NEW DELHI, 22/06/2012: Telecom towers over a building in New Delhi even as State-owned Power Grid Corporation of India Ltd (PGCIL) has put its plan to lease 200,000 of its transmission towers to the telecom sector on hold, reflecting the Indian telecom sector losing its sheen. In the initial phase, the public sector unit (PSU) had plans to expand its telecom business by leasing out 15,000 transmission towers to firms such as Bharti Airtel Ltd, Vodafone India Ltd and Bharat Sanchar Nigam Ltd. However, it has only leased out 800 towers in States such as Punjab, Himachal Pradesh and Jammu and Kashmir.
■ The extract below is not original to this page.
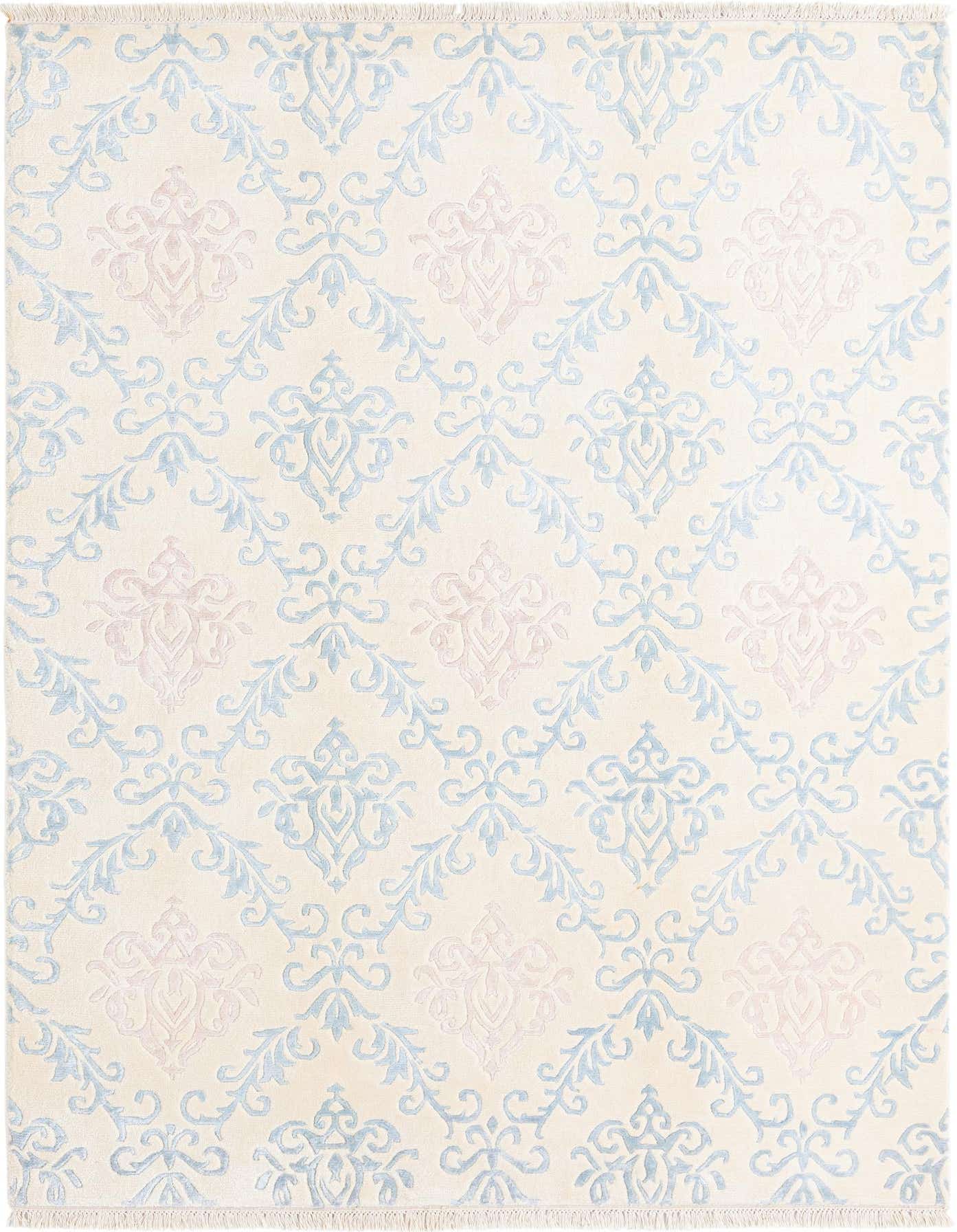 A 5x8 rectangular Darya rug with a cream background and a modern oriental pattern in light blue and blush pink.

Photo: V.V. Krishnan | Photo Credit: KRISHNAN VV

Our telecom market is big enough for existing majors to thrive, making data accessible

India’s telecom market is on the brink of becoming a duopoly with two of the four major operators struggling to stay afloat. While Bharat Sanchar Nigam Ltd (market share of 10 per cent in the wireless segment, including MTNL) is in such a dire situation that it cannot even pay salaries to its employees, Vodafone Idea (market share of about 25 per cent but falling rapidly) is fast running out of cash, raising concerns about its survival. Affordable telecom services are crucial to ensure equitable access to data — online educational resources, general information, health services, consumer goods and other services. India’s telecom market over the years has been intensely competitive, ensuring that consumers got good deals on tariffs.
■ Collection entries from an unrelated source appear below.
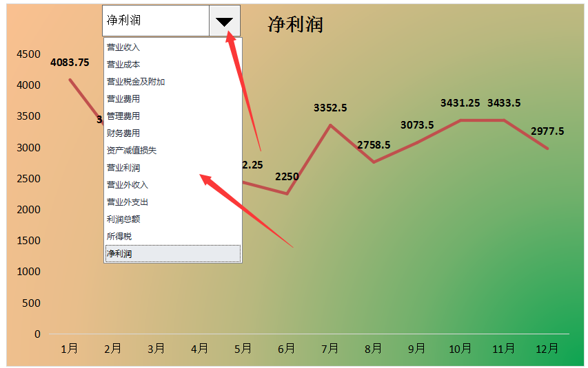 点击小三角下拉菜单,选取所需数据,选中数据后,图表数据会发生相应的改变。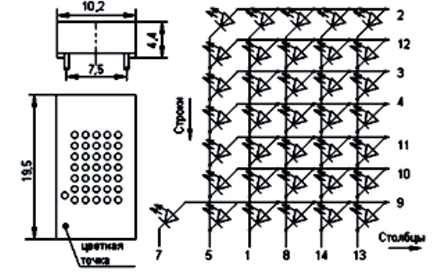Предназначены для визуальной индикации. Индикаторы имеют 35 элементов (7 рядов по 5 элементов в ряду) и левую децимальную точку, излучающих свет при воздействии прямого тока. Различные комбинации элементов, обеспечиваемые внешней коммутацией, позволяют воспроизвести цифры от 0 до 9 и децимальную точку; а также буквы русского и латинского алфавитов и другие символы.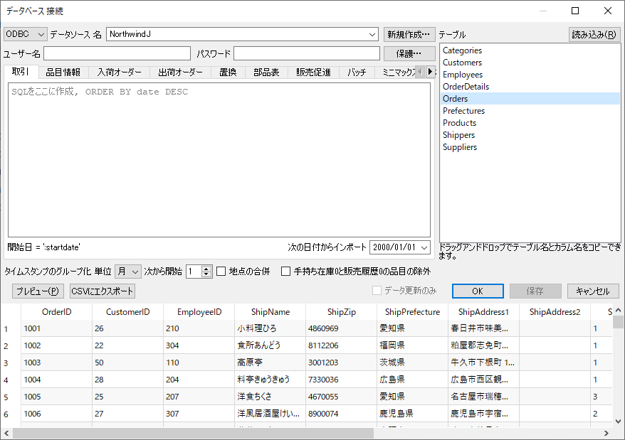 下記にて、データベース 接続 ダイアログの利用方法と一般的な機能を紹介します。ユーザーのデータベースとの接続の確立方法と、データベースのテーブルの中身を読む方法を学ぶことができます。

Now, consumers have limited options with Reliance Jio and Airtel cornering two-thirds (a rising figure) of the telecom market. As a result, tariffs have increased by 15-20 per cent over the last year. Debt-strapped Vodafone Idea has been losing over a million users every month on average as it had to shut down thousands of cell sites across the country. It is caught in a negative spiral: in the absence of a material rise in its operating cash flows, the operator does not have the ability to make sufficient network investments and retain consumers. The company has a debt of over ₹1 lakh crore and had declared losses of nearly ₹7,000 crore in the fourth quarter of 2020-21. The company has been trying for external funding for over a year without much success. Given the legal complications around selling of spectrum, existing promoters’ unwillingness to pump in more equity, pending AGR dues, and the ongoing tax dispute with the Centre, it is unlikely that any investor would want to invest in the operator.
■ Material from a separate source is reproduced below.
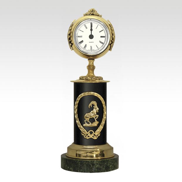 Часы «Подарочные» интересны формой корпуса, увенчанного пальметтой, расположенного на подставке в виде черного цилиндра, обрамленного шлифованной бронзой. В оформлении используется поделочный камень и накладки с разнообразной тематикой. Строгость и изысканность цветовой гаммы, современный дизайн в сочетании с благородным блеском бронзы или латуни, делает их неповторимым подарком.

In this context, the Centre must take four steps to ensure that the telecom market does not become a duopoly. First, bring down levies and taxes on telecom companies. Telecom companies pay nearly 30 per cent of their revenues to the Centre in addition to the upfront spectrum fees after each round of auction. The concept of revenue share, which was introduced in 1999 when the spectrum was given on subscriber-based criteria, should be done away with. Second, appoint a credible, independent management to run BSNL. The once-dominant public sector company has been reduced to a mere footnote, thanks to years of bureaucratic inefficiencies in decision making. Third, all operators should be given a one-year moratorium on AGR payments so that cash generated from operations can be invested back into rolling out much-needed broadband infrastructure. Finally, reduce the spectrum price for the next round of auction to keep services affordable. This would ensure that the consumers will benefit from competitive intensity in the market. India is expected to have over 900 million active internet users by 2023, up from 700 million now. It is a large enough market for three private players and one public sector company.